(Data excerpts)
================
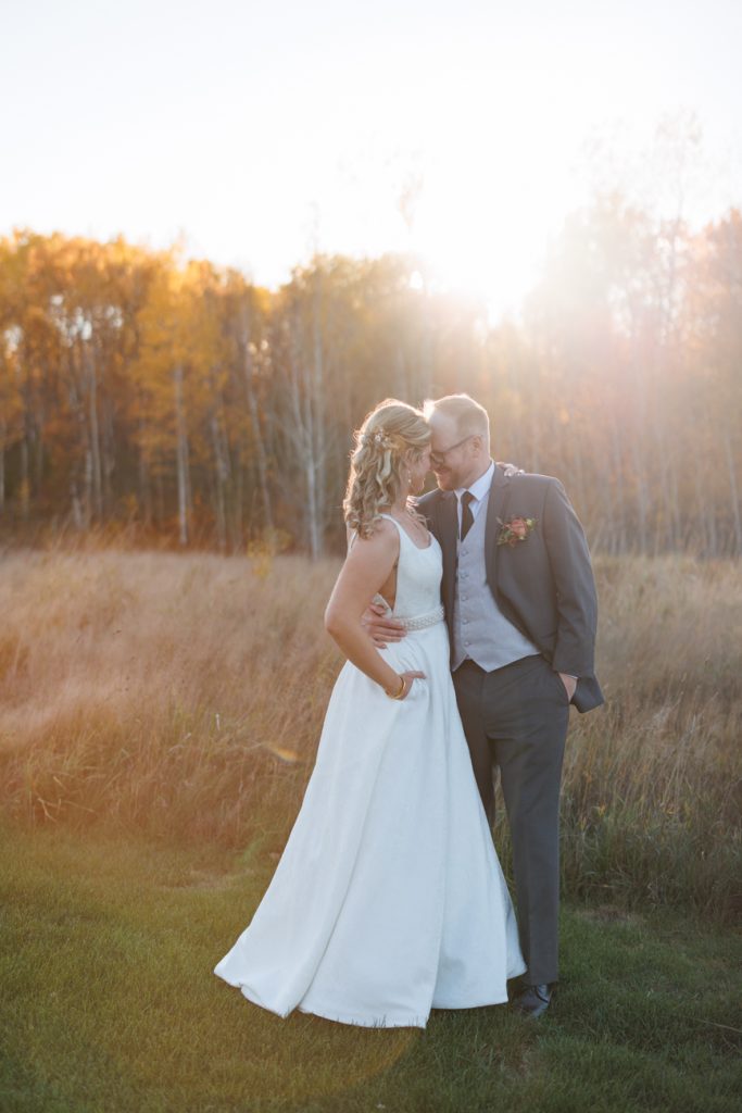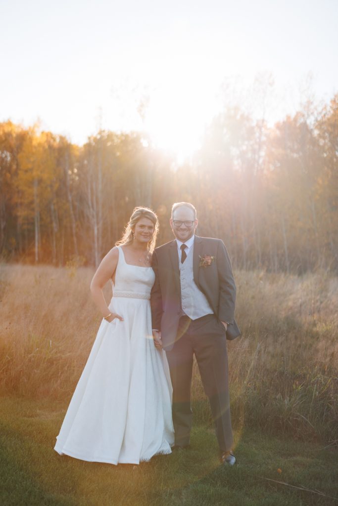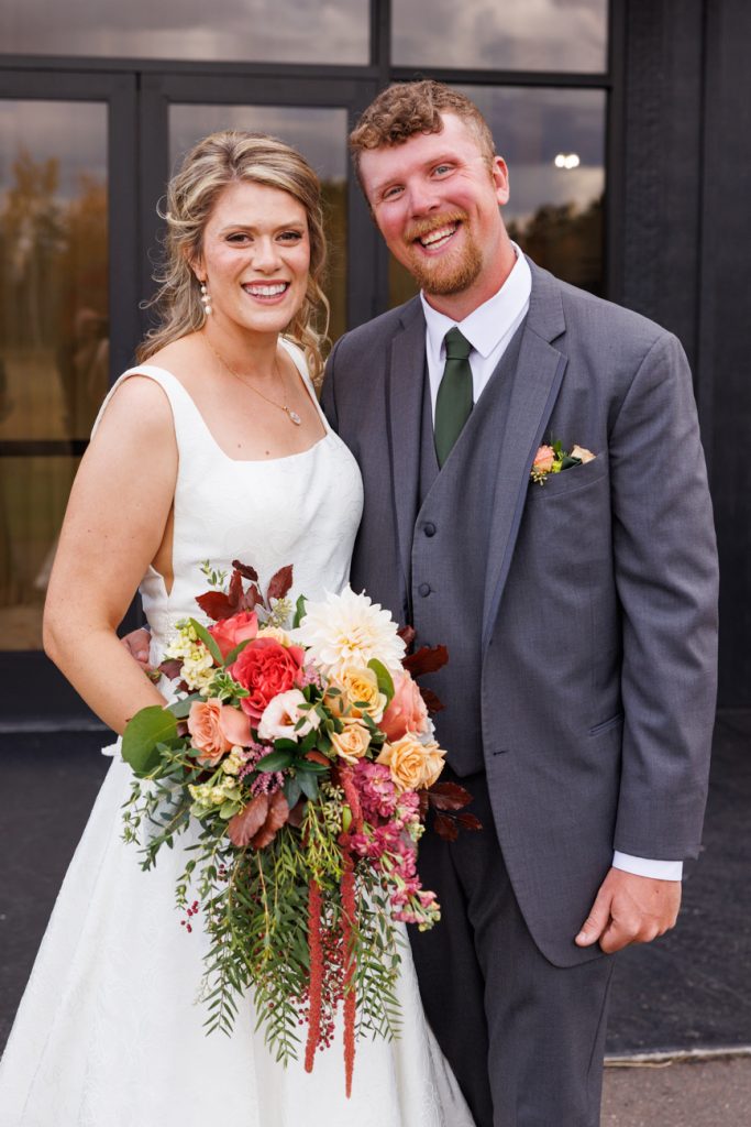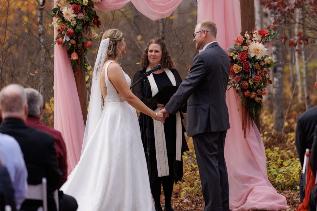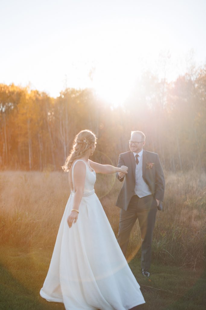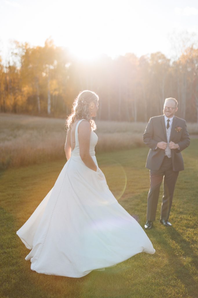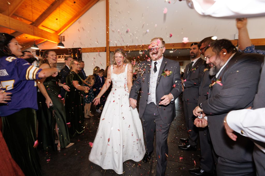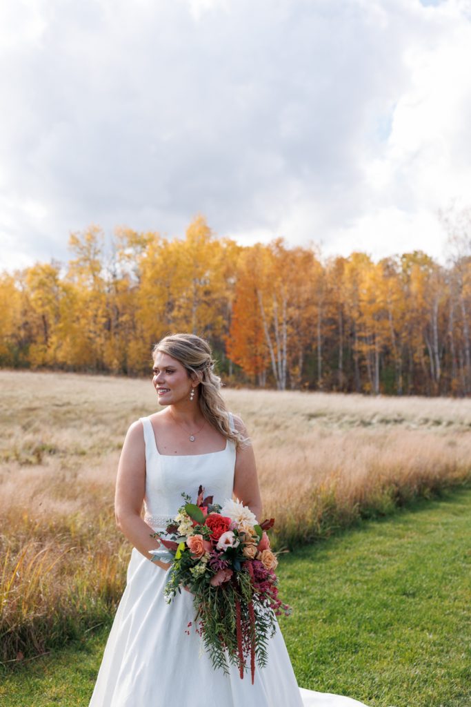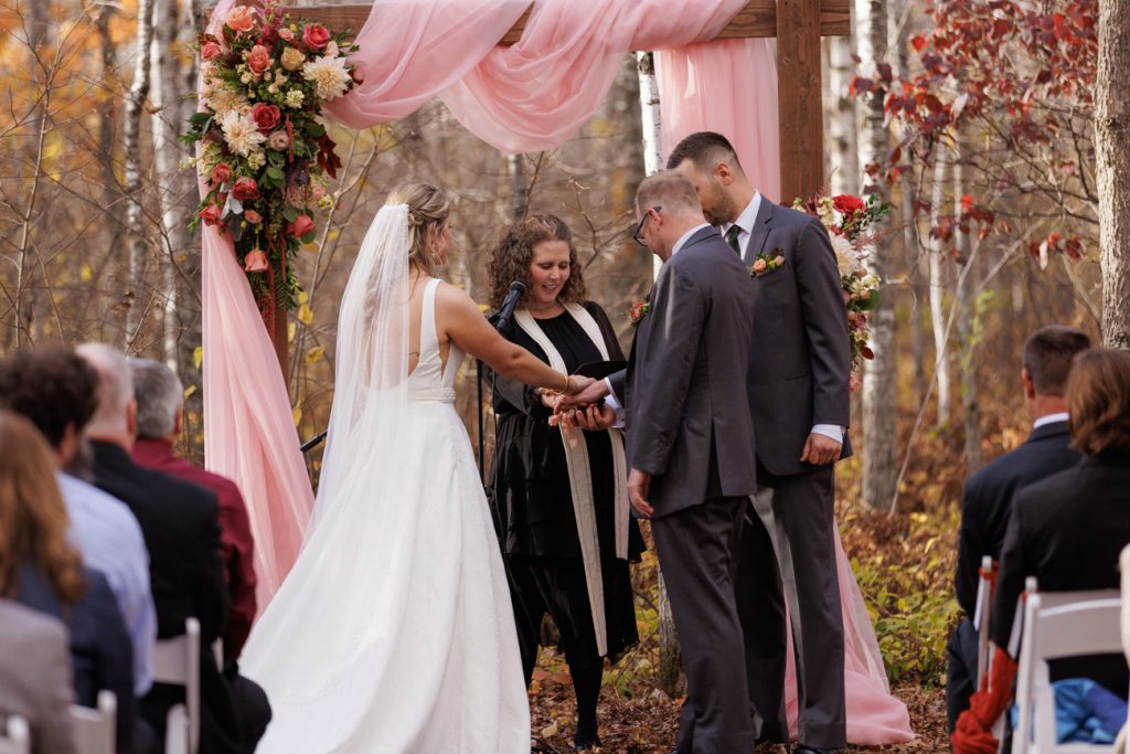 Congratulations Mary and Alex! What a perfect fall wedding day. We adore this couple! Ivy Black is one of our favorite wedding venues, located just outside of Duluth, Minnesota. The day started with laughter with the bridesmaids and groomsmen, they had separate getting ready rooms. The bridal room is on the second level and it is perfect for those first beautiful moments with the bride. After the “first look” we had fun around the fabulous property taking photos. The ceremony was among the falling leaves in the forest, it was stunning! Ivy Black was decked out with gorgeous decorations and fresh flowers. Black Woods Catering provided a delicious charcuterie board to feed hundreds of guests. Mary surprised Alex with a personal grand march announcement from the voice of the Viking, Alan Roach! The dance was so much fun with Sounds Unlimited DJ. Enjoy the videography by Bethany and the photography by Beau, AMAZING memories!
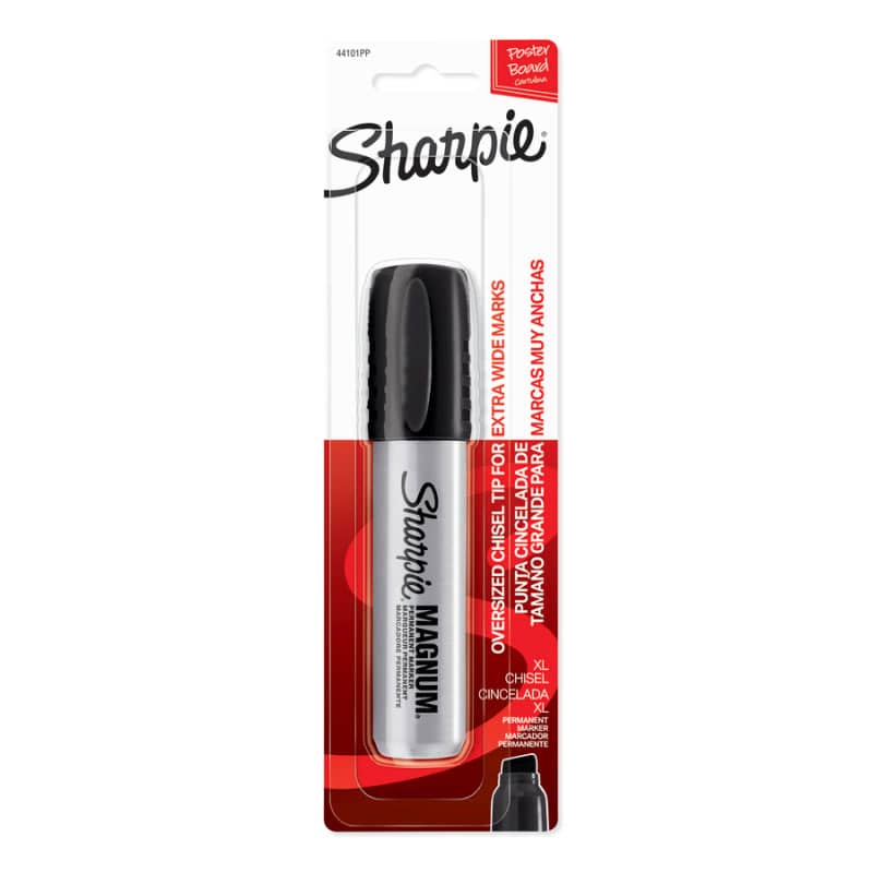 SHARPIE MAGNUM PERMANENT MARKER 44 RED BX12 WITH BOLD INK THAT WRITES ON WET AND GREASY SURFACES AND AN EXTRA-WIDE CHISEL TIP. CREATES CLEAR LINES ON PLASTIC, WOOD, STONE, FOIL, METAL, CORRUGATE AND LEATHER. TIP: CHISEL COLOR: BLACK PACK SIZE: 12
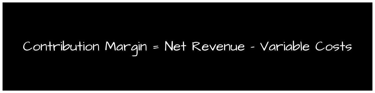 To calculate contribution margin we need to take our net revenue and subtract our variable costs.
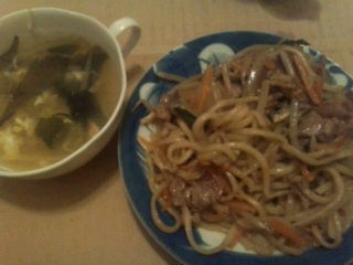 とりあえず1日が終わりました☆焼きそばはめんが太くしっかりしていて食べごたえがあり、おいしかったです(自画自賛☆)←現実逃避気味。
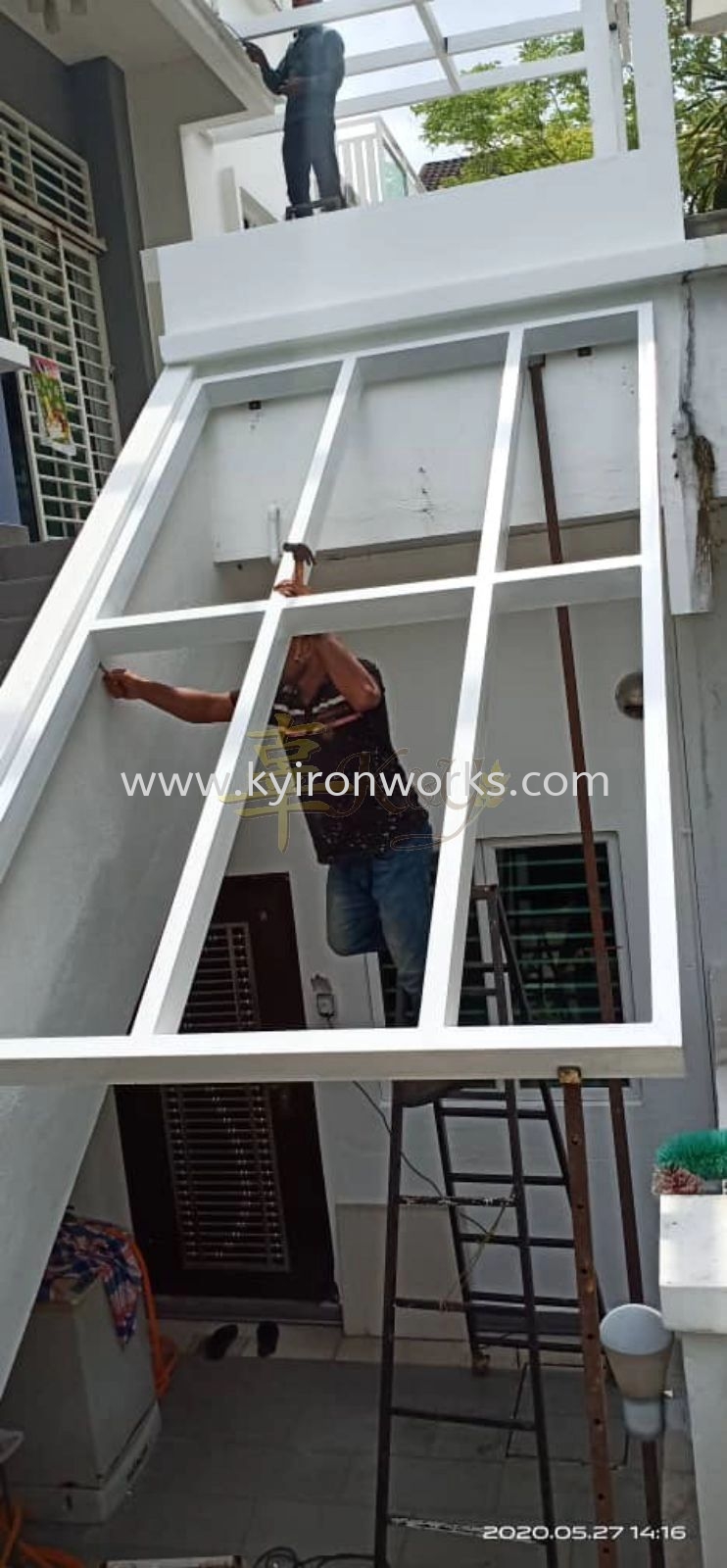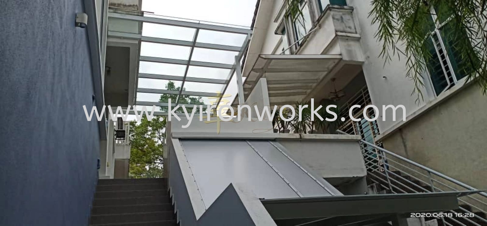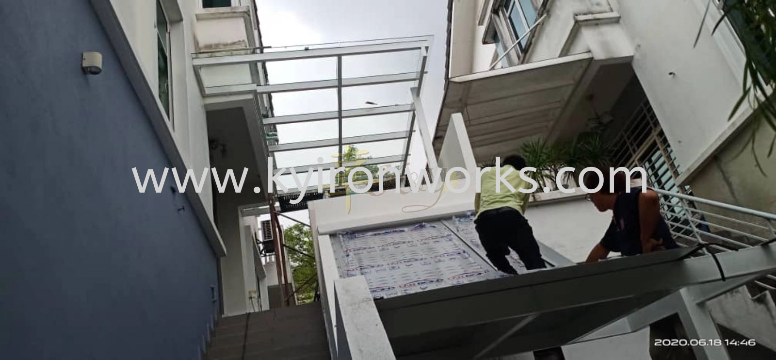 Installation Mild Steel Laminate Glass Roof & Aluminium Composite Panel (ACP) Roof Awning at Damansara
================
§ How to complete this task: Your job is to repeat every entry exactly, keeping all pictures out of the copy.

§ Written solution:
 Congratulations Mary and Alex! What a perfect fall wedding day. We adore this couple! Ivy Black is one of our favorite wedding venues, located just outside of Duluth, Minnesota. The day started with laughter with the bridesmaids and groomsmen, they had separate getting ready rooms. The bridal room is on the second level and it is perfect for those first beautiful moments with the bride. After the “first look” we had fun around the fabulous property taking photos. The ceremony was among the falling leaves in the forest, it was stunning! Ivy Black was decked out with gorgeous decorations and fresh flowers. Black Woods Catering provided a delicious charcuterie board to feed hundreds of guests. Mary surprised Alex with a personal grand march announcement from the voice of the Viking, Alan Roach! The dance was so much fun with Sounds Unlimited DJ. Enjoy the videography by Bethany and the photography by Beau, AMAZING memories!
 SHARPIE MAGNUM PERMANENT MARKER 44 RED BX12 WITH BOLD INK THAT WRITES ON WET AND GREASY SURFACES AND AN EXTRA-WIDE CHISEL TIP. CREATES CLEAR LINES ON PLASTIC, WOOD, STONE, FOIL, METAL, CORRUGATE AND LEATHER. TIP: CHISEL COLOR: BLACK PACK SIZE: 12
 To calculate contribution margin we need to take our net revenue and subtract our variable costs.
 とりあえず1日が終わりました☆焼きそばはめんが太くしっかりしていて食べごたえがあり、おいしかったです(自画自賛☆)←現実逃避気味。
 Installation Mild Steel Laminate Glass Roof & Aluminium Composite Panel (ACP) Roof Awning at Damansara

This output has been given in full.